ERMENİ SOYKIRIMI GELİYOR
“Avrupa ile Türkiye arasındaki zaten bu zor ilişkiler son günlerde daha grotesk bir döneme girdi. Türk hükümeti, Cumhurbaşkanı Erdoğan hakkında bölgesel bir televizyon programında yayınlanan kısa bir mizah klibini protesto etmek için Alman Büyükelçiyi iki kez dışişlerine çağırdı. Bu gülünç durum karşısında, aslında şu soruyu sormak gerekir: Türk diplomasisi Almanların ve üyesi olmak istediği AB'nin temel değerleri düşünce ve basın özgürlüğü üzerine ne biliyor?

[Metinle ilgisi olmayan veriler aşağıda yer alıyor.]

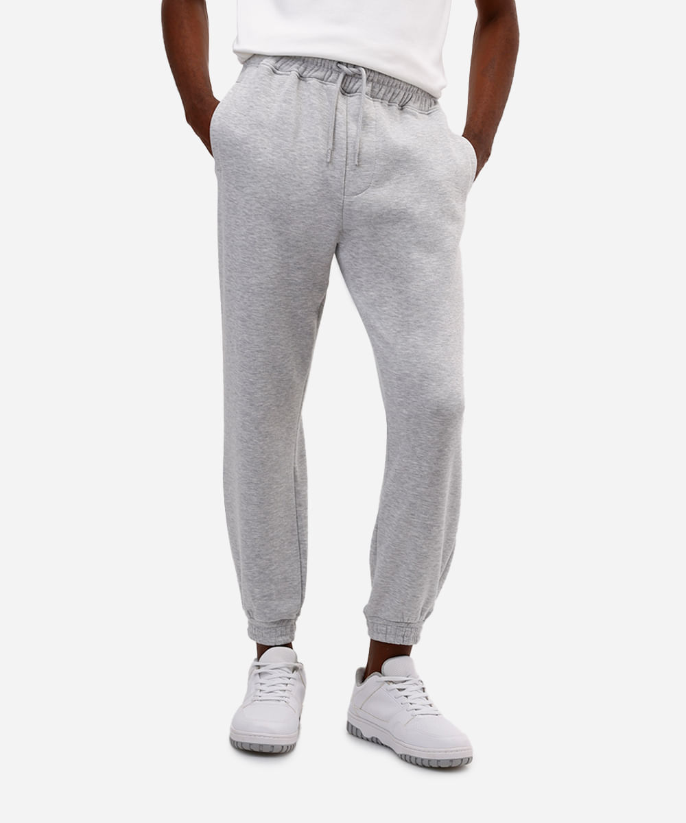 calça básica jogger masculina de moletom felpado cinza

Avrupa Türkiye ilişkilerinde mizah bu gidişle hiç şüphesiz hiç eksik olmayacak. Buna ek olarak Alman Meclisi'nde bu bahar partiler üstü büyük bir çoğunluğun oylarıyla geçecek olan Ermeni soykırım taslağı en üstte bekliyor. Taslak 1916 yılında Ermenilere yönelik kitlesel kıyımı soykırım olarak sınıflandırıyor. Bunun Ankara ile ilişkilerde yeni ve büyük bir kızgınlığa yol açacağı şimdiden belli.
” TARAFLARIN ÇIKARINA “
Zor bir ortak olan Türkiye ile bu yeni uyuşmazlıklara rağmen Avrupa ve üye ülkelerin şunun asla gözardı etmemesi gerekir. Burada onlarca yıldır süren bir ortaklık söz konusu ve bu ortaklık iki tarafın da üstün çıkarına. Avrupa'nın Türkiye'ye Türkiye'nin de Avrupa'ya ihtiyacı var. Bu geçmişte de geçerliydi ve gelecekte çok daha geçerli olacak. Avrupa'nın ve Ortadoğu'nun kıyısında, tecrit edilmiş, yalnız bırakılmış bir Türkiye kabus olur. Bu ortaklığın bedeli hiçbir zaman demokratik ilkelerden vazgeçmek anlamına gelmez. Zaten bu Türkiye'nin de çıkarına olmaz.”